Under normal conditions, glutamate keeps the brain humming. But if the glutamate signaling process doesn't shut off at the appropriate time, neurons in the brain become overstimulated and damaged, leading to the development of brain diseases. New research by Rockefeller University's Bruce McEwen explores how the brain uses a specific protein, neuropeptide Y, to protect itself from glutamate damage.

One area of the brain that is particularly sensitive to glutamate is the memory center, called the hippocampus. Nozomu H. Nakamura, a postdoc in McEwen's lab, focused on one type of cell, called interneurons, within the hippocampus. These neurons are regulated by estrogen, which scientists know has protective effects on the brain. McEwen and Nakamura wanted to know how estrogen affected the interneurons and how it could protect them from excessive glutamate.

Looking specifically at interneurons that express the estrogen receptor, they found that neuropeptide Y, already known to regulate glutamate signaling, was present in many of the cells with an estrogen receptor.

When Nakamura gave estrogen to female rats lacking their ovaries, he saw that more cells in the hippocampus began to make neuropeptide Y, and the cells that already made it made more. Alternatively, when he blocked estrogen signaling, he could also block the increase in neuropeptide Y, showing that neuropeptide Y is controlled by estrogen.
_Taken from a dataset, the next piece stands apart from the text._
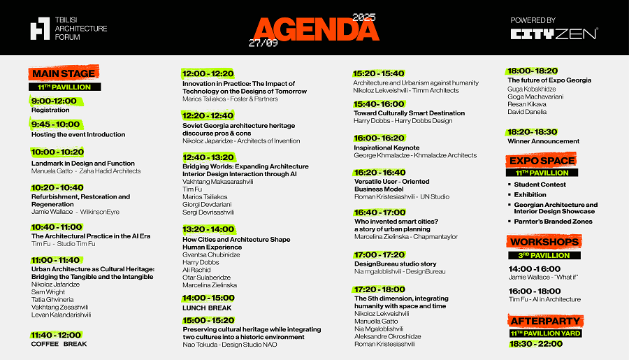 თბილისის არქიტექტურული ფორუმი 2025 გაიმართება 27 სექტემბერს, ექსპო ჯორჯია, პავილიონი 11.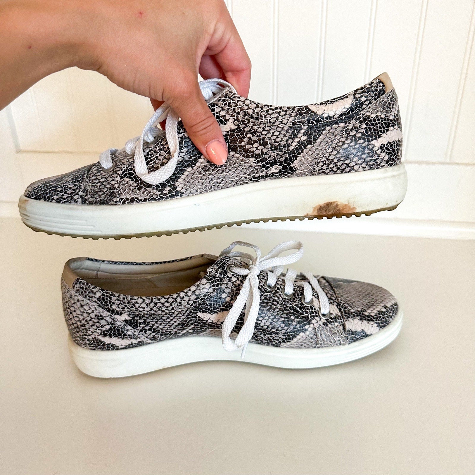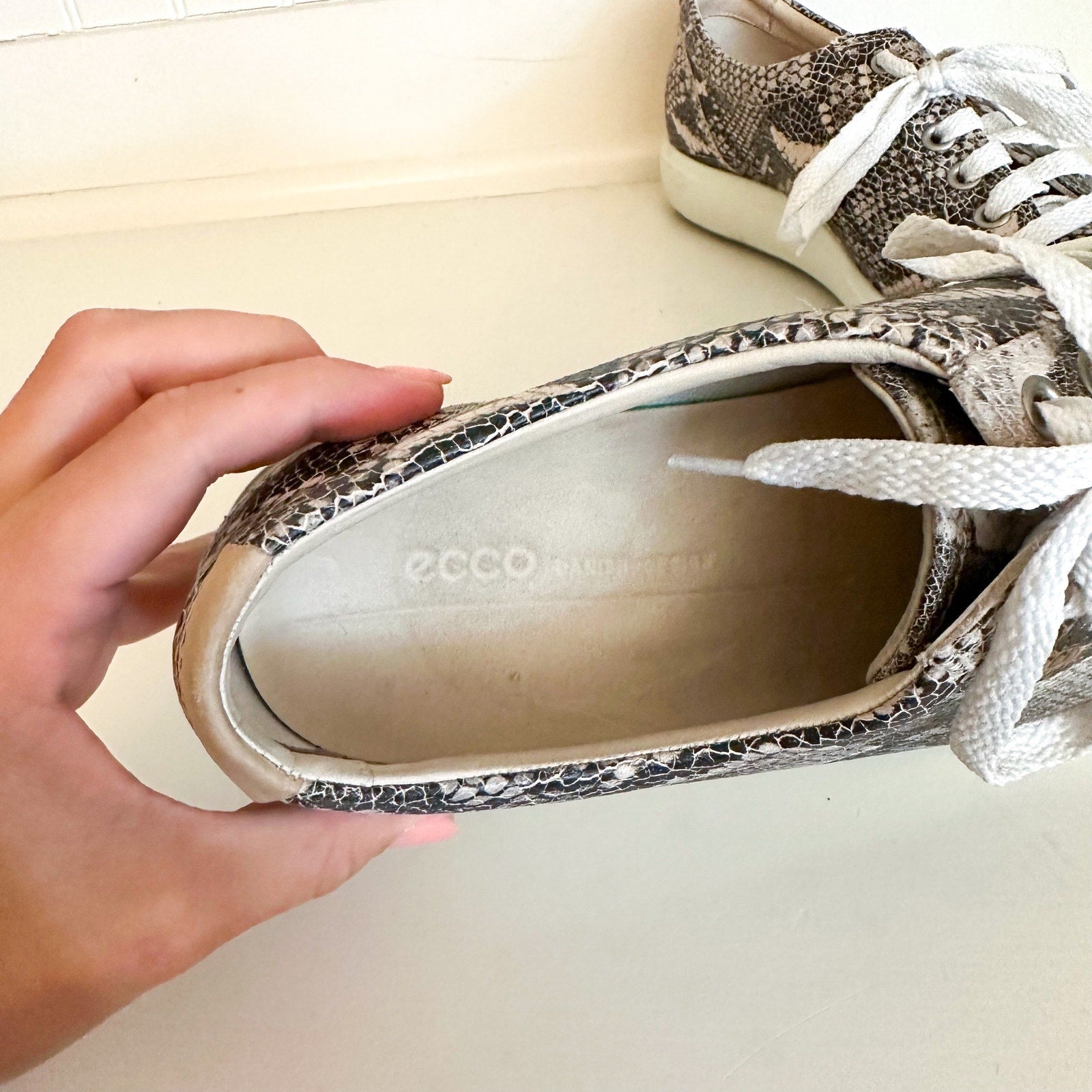 Details: Ecco Soft 7 Nubuck Leather Snake Embellished Sneakers - Size: 9-9.5- Color: Limestone - Material: Leather- Features: Embracing ECCO's core values, the WOMEN'S SOFT 7 SNEAKER is a celebration of Scandinavian design values with an understated contemporary twist.

"Neuropeptide Y may help restrain the overactivity of the glutamatergic system, which can cause seizures and stroke," says McEwen, the Alfred E. Mirsky Professor and head of the Harold and Margaret Milliken Hatch Laboratory of Neuroendocrinology. "Regulation of neuropeptide Y might be one way estrogen protects the brain from damage and over-excitation, and understanding how those pathways work could lead to therapeutic strategies."